The IRD’s starting position is that all profits are taxable unless you establish otherwise. Departmental Interpretation and Practice Notes No. 21 (DIPN 21) is the document that matters here. It sets out the IRD’s approach to determining source: the operations test, where the profit-generating activities actually happen.
For a trading company, source is typically where the purchase and sale contracts are negotiated and concluded. For a service company, it’s where the services are performed. For a holding company receiving dividends or interest from offshore subsidiaries, it depends on the nature of the income and what the company actually does.

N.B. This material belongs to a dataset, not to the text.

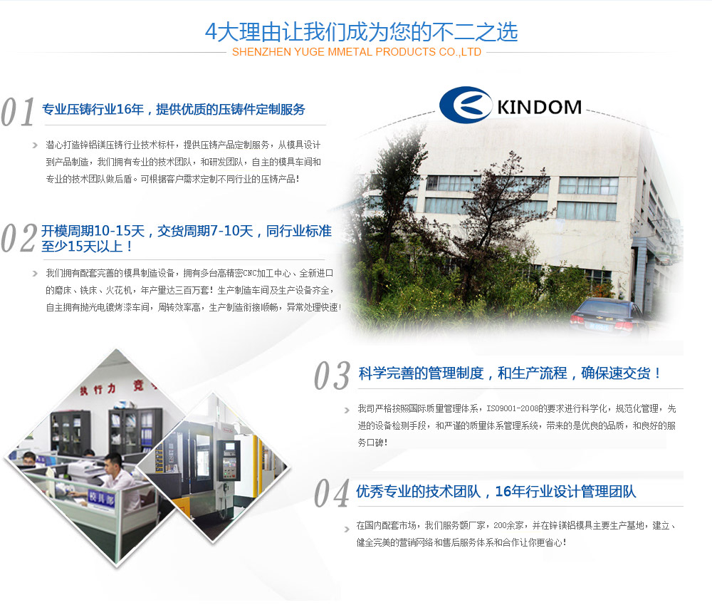公司坐落在美麗的觀潮勝地海寧連行經(jīng)濟(jì)開發(fā)區(qū)內(nèi),距杭州18公里,緊靠杭州繞城高速(G2501)下沙出口,距江東汽車產(chǎn)業(yè)園10公里。公司占地面積33000平方米,廠房建筑面積15050平方米。擁有各種高低噸位的著名品牌壓鑄件15臺(其中800T壓鑄機(jī)2臺、500T壓鑄機(jī)2臺、280T壓鑄機(jī)5臺、135T壓鑄機(jī)6臺),還有高精密自動(dòng)沖床、高精密度多軸鉆床、切邊機(jī)、表面處理等設(shè)備20余臺。公司擁有三坐標(biāo)測量儀、光譜分析儀、硬度拉力試驗(yàn)機(jī)等精密計(jì)量檢測設(shè)備。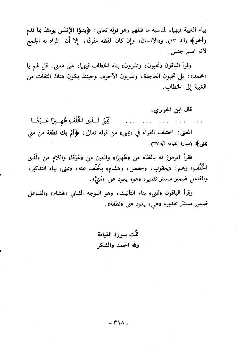 تمّت سورة القيامة ولله الحمد والشكر

The offshore claim process requires a written submission to the IRD explaining why specific income streams are not Hong Kong-sourced. Not a form. A letter with supporting documentation: contracts, evidence of where negotiations happened, proof of where personnel are based. The IRD challenges these. Common mistakes: claiming all profits are offshore when some operations clearly happen in Hong Kong, and assuming the claim made last year still applies when the business or personnel have changed.
The 2023 FSIE refinement: passive income is no longer simply offshore
This matters for any holding company, treasury entity, or IP-holding structure operating through Hong Kong.
From January 2023, the foreign-source income exemption (FSIE) regime was refined under pressure from the EU. Passive income, specifically dividends, interest, disposal gains, and royalties, received by a Hong Kong entity from foreign sources is no longer automatically exempt.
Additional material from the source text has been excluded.